ほぼ毎日、ひっそりと京都のかたすみから叫んでいます。

20年前、何をしていたのか

photo+by+Le+Consul

明け方の5時過ぎ、まだ大阪の実家住まいだった私は、夢の中にいた。

夢の中で、突然、

ズドーーン!

落ちる衝撃の後、周囲のすべてがガタガタと揺れ出した。

それは、夢ではなく、現実だった。

目を覚まして布団からそろりと起きたところで、父が部屋の戸を開けた。

「いつでも外に出られるように着替えて。貴重品をまとめて」

いつもとは違う、緊迫した声だった。

父は母に、風呂に水をできるだけ貯めるように指示した。そして、さらにガスの元栓が閉まっているのを確認し、マンション特有の重い鉄の玄関の戸を少し開けて、閉まらないようにストッパーで止めた。

ベランダから、西の方角を見ると、夕方のように空が真っ赤に染まっていた。

家の中を確認して、ガラスが割れるとか、特に被害は見当たらなかった。すっかり目が覚めて、テレビを付けて、ずっと地震のニュースを見守っていた。

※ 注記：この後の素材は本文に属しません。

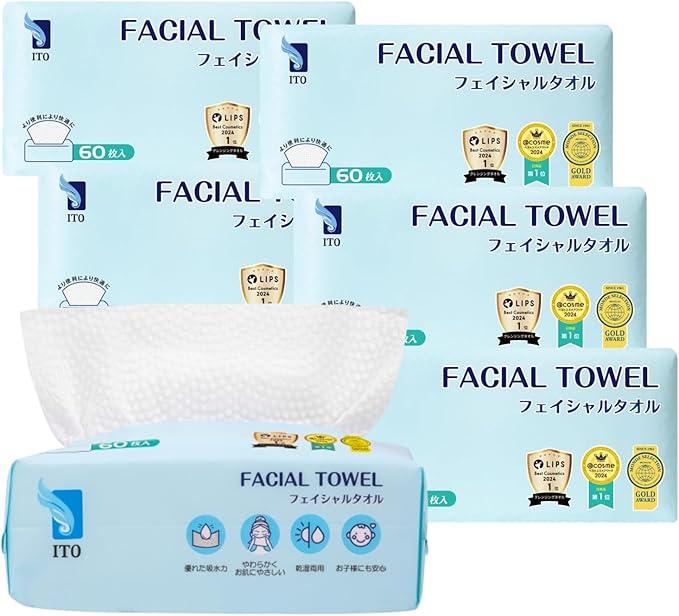 ITO ファミリーパック(360枚入り) フェイシャルタオル オリジナル鮫小紋エンボス生地 クレンジングタオル コットン 使い捨てタオル フェイスタオル使い捨て フェイスケア スキンケア OEKO-TEX 認証 赤ちゃんにも優しい @COSME受賞

近所の消防署からは、サイレンの音が鳴り響いては遠ざかり、また鳴り響いては遠ざかり…を繰り返している。

当時、仕事を辞めて無職だった私は、その二週間後に、海から神戸へ向かっていた。パソコン通信で知った、神戸での震災ボランティアに参加するためだ。

平日は神戸に泊まり込んで救援物資の仕業をし、週末だけアルバイトのため大阪に戻る生活を、3ヶ月間続けた。

あれからもう20年、経ったんだなぁ。当時の状況は、まだ皮膚感覚的に覚えています。